[Records from a data source]

########

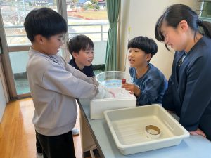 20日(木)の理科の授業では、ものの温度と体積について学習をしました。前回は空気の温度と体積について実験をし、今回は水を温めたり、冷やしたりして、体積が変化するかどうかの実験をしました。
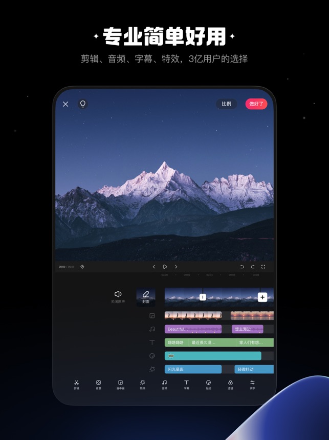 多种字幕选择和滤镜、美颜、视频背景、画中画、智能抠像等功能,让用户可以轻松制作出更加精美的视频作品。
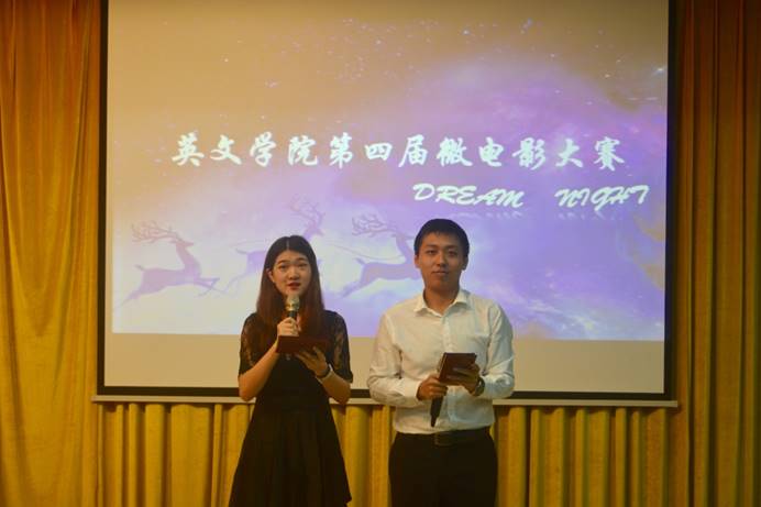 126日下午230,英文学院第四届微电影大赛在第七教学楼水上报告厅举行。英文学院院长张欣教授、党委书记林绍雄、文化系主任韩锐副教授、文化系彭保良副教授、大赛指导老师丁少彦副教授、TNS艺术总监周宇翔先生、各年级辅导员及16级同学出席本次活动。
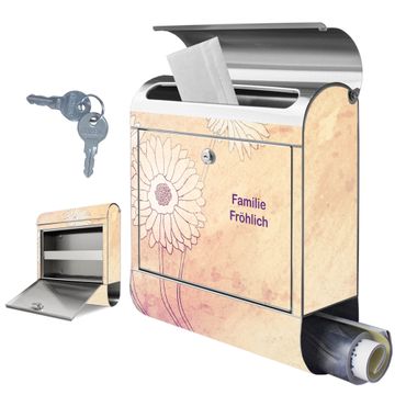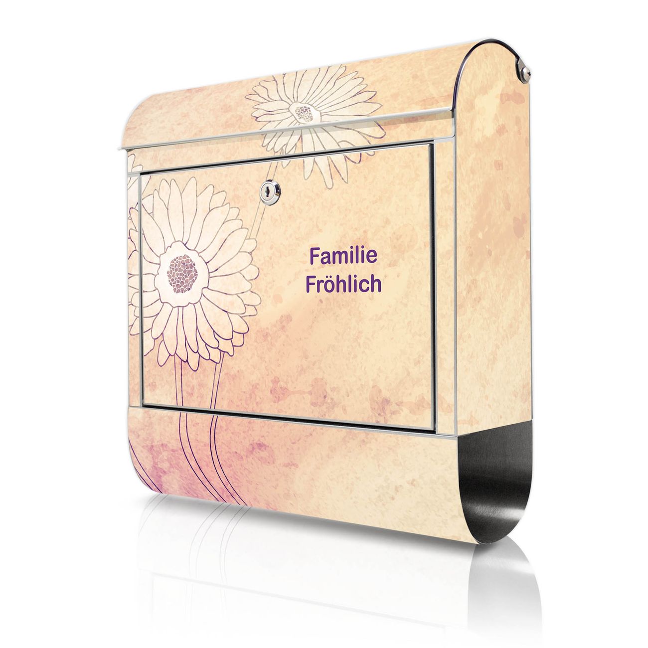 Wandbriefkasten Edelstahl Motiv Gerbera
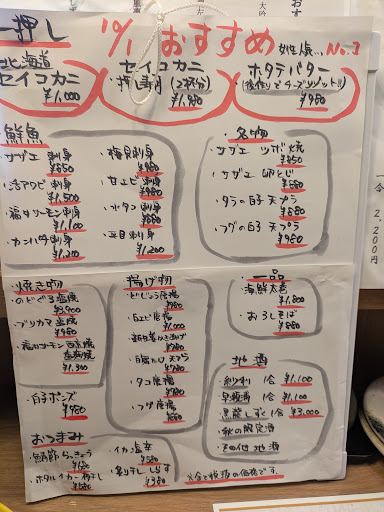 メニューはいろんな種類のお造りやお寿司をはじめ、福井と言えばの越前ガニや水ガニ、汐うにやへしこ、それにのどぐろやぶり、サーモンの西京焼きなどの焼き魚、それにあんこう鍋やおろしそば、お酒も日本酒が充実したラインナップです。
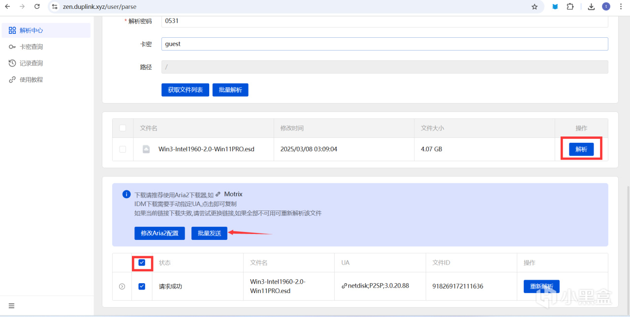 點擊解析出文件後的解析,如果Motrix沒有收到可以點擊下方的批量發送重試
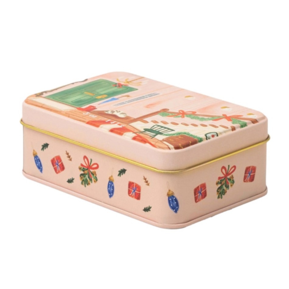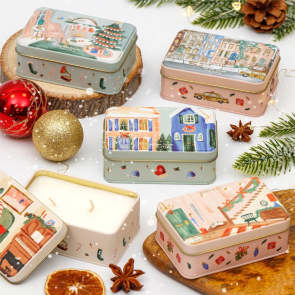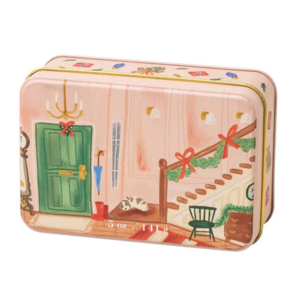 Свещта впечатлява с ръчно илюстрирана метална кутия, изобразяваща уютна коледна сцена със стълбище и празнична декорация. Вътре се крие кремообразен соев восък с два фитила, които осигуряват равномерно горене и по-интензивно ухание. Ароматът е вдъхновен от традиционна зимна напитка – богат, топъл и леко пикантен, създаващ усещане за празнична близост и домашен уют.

########

All lines above between the line that contains "點擊解析出文件後的解析,如果Motrix沒有收到可以點擊下方的批量發送重試" and the last line of the entries, both included, must be transcribed exactly. No pictures are to appear.

__OUTPUT FOR THIS TASK__:
 點擊解析出文件後的解析,如果Motrix沒有收到可以點擊下方的批量發送重試
 Свещта впечатлява с ръчно илюстрирана метална кутия, изобразяваща уютна коледна сцена със стълбище и празнична декорация. Вътре се крие кремообразен соев восък с два фитила, които осигуряват равномерно горене и по-интензивно ухание. Ароматът е вдъхновен от традиционна зимна напитка – богат, топъл и леко пикантен, създаващ усещане за празнична близост и домашен уют.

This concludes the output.